A predictable home environment protects against

Studies have shown that exposure to physical and emotional abuse in childhood is associated with cardiovascular risk factors in adulthood, such as high blood pressure, high cholesterol and type 2 diabetes. new study shows for the first time that well-organized households protect children who have experienced abuse from developing certain precursors to heart disease. The findings were published in the Journal of the American Heart Association.

“Our findings offer a glimmer of hope that nurturing and predictable home environments can mitigate the adverse health effects of childhood maltreatment,” said study co-author Nia Heard-Garris, MD, MSc. pediatrician at Ann & Robert H. Lurie Children’s Hospital. of Chicago and assistant professor of pediatrics at Northwestern University Feinberg School of Medicine.

The study found that in black men and white women with a history of childhood abuse, increased risks of high cholesterol were decreased if they grew up in well-organized households.

“It is encouraging to see that well-managed households, where family members are involved in children’s lives, help build the resilience of children who have experienced abuse, not only emotionally and cognitively, but also physically,” Dr. Heard-Garris said. “Our findings also suggest that the racial disparities that are commonly seen in heart disease may play a lesser role when children are raised in homes that provide a stable environment, as opposed to chaotic and overly permissive environments.”

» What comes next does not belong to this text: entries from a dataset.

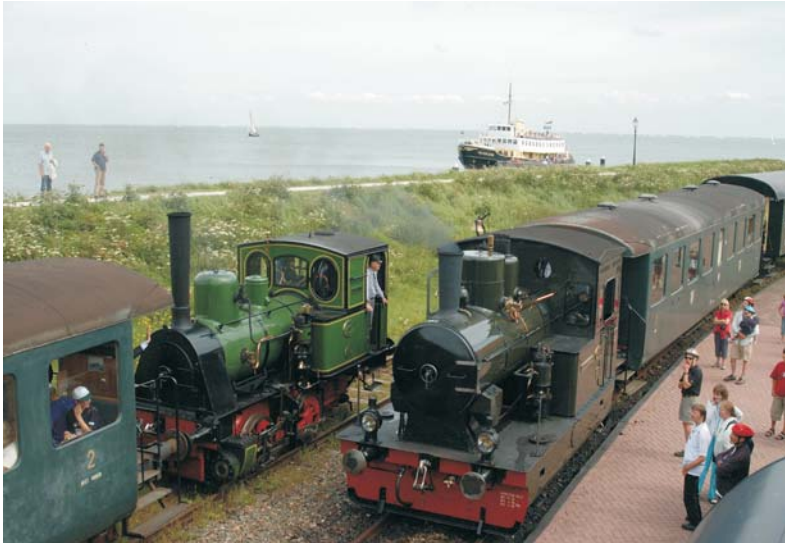
Bij de foto: Volop activiteiten in Medemblik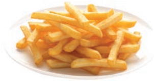
PATATA FRITA CLÁSICA POMME FRITE CLASSIQUE CLASSIC FRENCH FRIES 10 / 10 mm

Ref. 04907898 / 10 x 1 K Ref. 04907458 / 4 x 2,5 K Ref. 04905458 / 4 x 2,5 K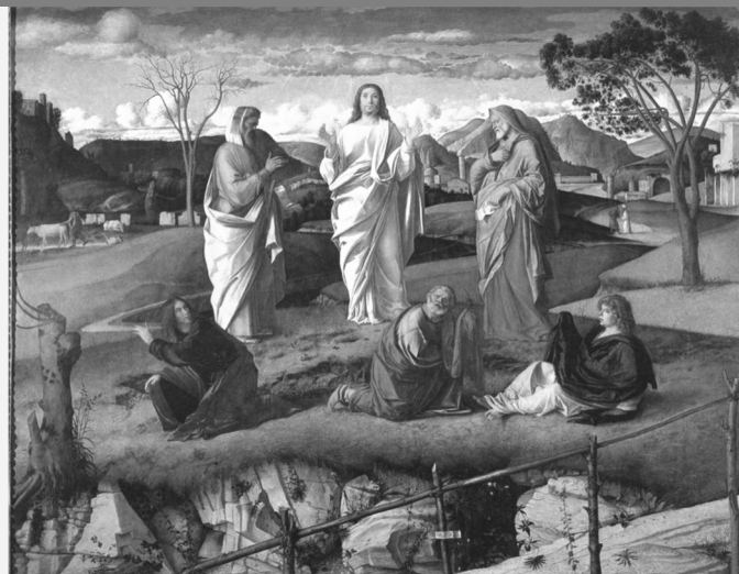
La Transfiguración de Cristo de Giovanni Bellini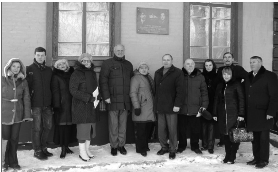
Учасники Всеукраїнських Тютюнниківських літературно-наукових читань. Фото, с. Шилівка, 5 грудня 2016 р.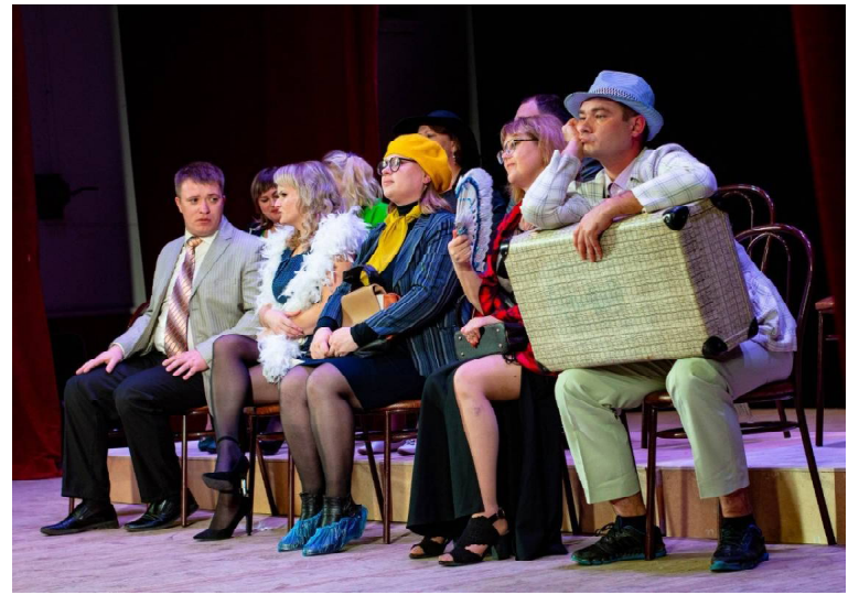
➤ Любительский театр «Место Действия»

Примечательно, что в Викуловский район отпущено сразу несколько победных дипломов! По итогам конкурсного отбора в номинации «Фольклорные коллективы и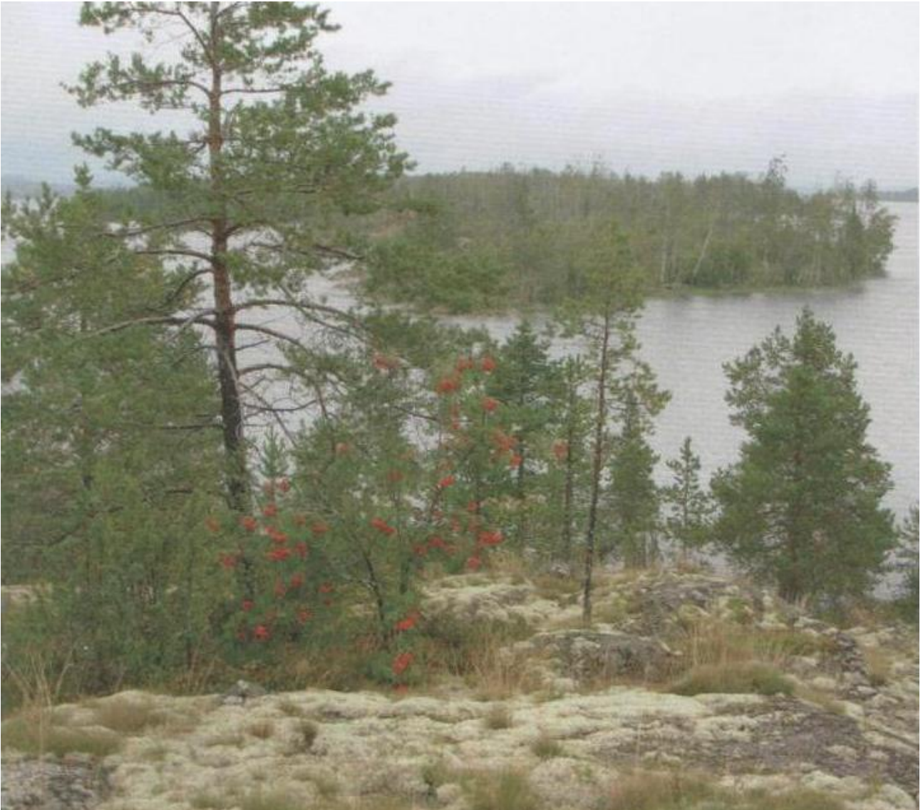
Kuva 3. Tourneelle! –esitteen Karjalan matkojen kuvitusta.

Kuvassa on harmaa, syksyinen maisema, jossa lehtipuut ovat jo pudottaneet lehtensä, tai niitä ei kuvassa näy. Kuva on otettu kalliolta, jossa kasvaa sammalta ja alhaalla siintää järvi, jossa on saari tai niemen kärki. Kalliolla on pihlaja, jossa punaiset marjat painavat pensaan oksia alaspäin. Kuvaa hallitsee mänty, joka kasvaa järveen laskevan rinteän alkupuolella. Sää on kolea, mutta tyynen oloinen, sillä järven pinta on tynekö ja puiden oksat eivät vaikuta tuulessa taipuneilta. Pilven tummahko reuna taivaalla antaa viitteitä poistuvasta tai saapuvasta sateesta.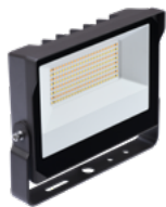
Slim Flood DEL à sélection double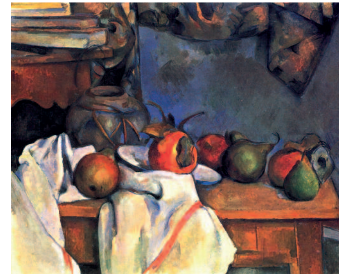
Paul Cézanne, Stilleben, Ingwertopf, 1893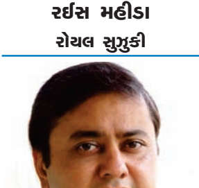
રર્ષસ મહીડા રોયલ સુઝુકી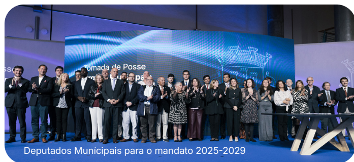
Deputados Municipais para o mandato 2025-2029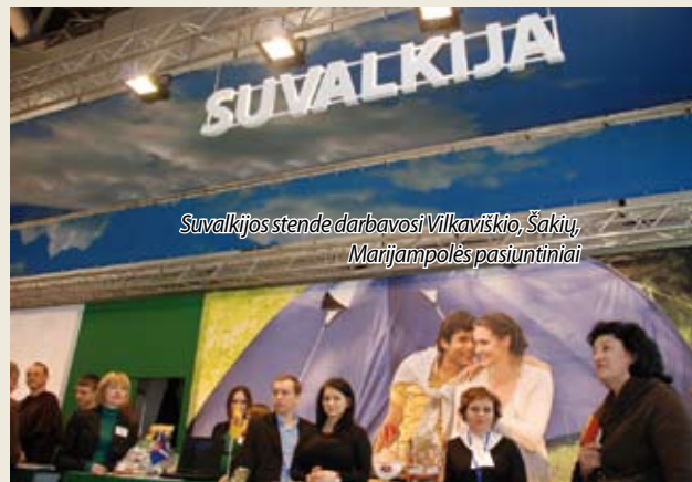
Suvalkijos stende darbavosi Vilkaviškio, Šakių, Marijampolės pasiuntiniai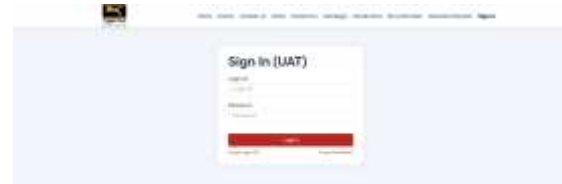
Gambar 3.1 Tampilan Menu Utama Sistem Volunteer Donation Management

Antarmuka utama sistem menampilkan menu navigasi yang tersusun rapi untuk memudahkan pengguna dalam mengakses berbagai modul. Tampilan menu utama sistem ditunjukkan pada Gambar 3.1 .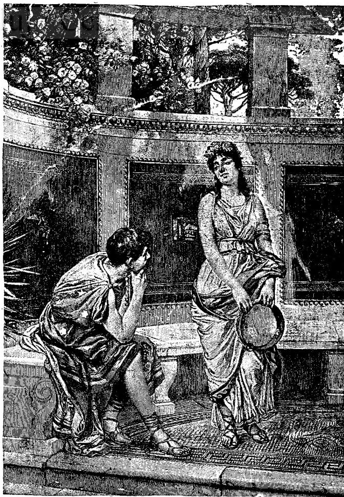
Cântăreața din harem.

Aici încă nimeni nu auzise pufăirea de monstru a locomotivei. Valurile sgomotului din lumea mare, când ajungeau în acest colț abătut, își pierdeau puterea cu care porniseră. Locuitorii acestei fericite comune se surprindeau cu noutăți învechite, își sfărmau mințile cu discutarea evenimentelor, peste care lumea trecuse

Dr. Heard-Garris and his colleagues used data from the ongoing Coronary Artery Risk Development in Young Adults (CARDIA) study. In 1985, the CARDIA Longitudinal Cohort began following 5,115 African American and white adults to study the course of coronary heart disease during adulthood. From 1985 to 1986, participants aged 18 to 30 were recruited from four urban areas: Birmingham, Alabama; Chicago, Ill.; Minneapolis, Minnesota and Oakland, California. As part of the study, childhood environments (i.e., exposure to abuse, upbringing, and well-organized households) were retrospectively examined during the assessment conducted 15 years after the basic exam. The incidence of cardiovascular risk factors, such as obesity, type 2 diabetes, hypertension and hyperlipidemia, was prospectively examined from baseline.

“The information from our study could inform early interventions designed to prevent heart disease after adverse events in children,” Dr. Heard-Garris said.

Research at the Ann & Robert H. Lurie Children’s Hospital in Chicago is conducted by the Stanley Manne Children’s Research Institute. The Manne Research Institute is focused on improving the health of children, transforming pediatric medicine, and ensuring a healthier future through the relentless pursuit of knowledge. Lurie Children’s is ranked among the nation’s top children’s hospitals by US news and world report. It is the pediatric training ground of the Northwestern University Feinberg School of Medicine.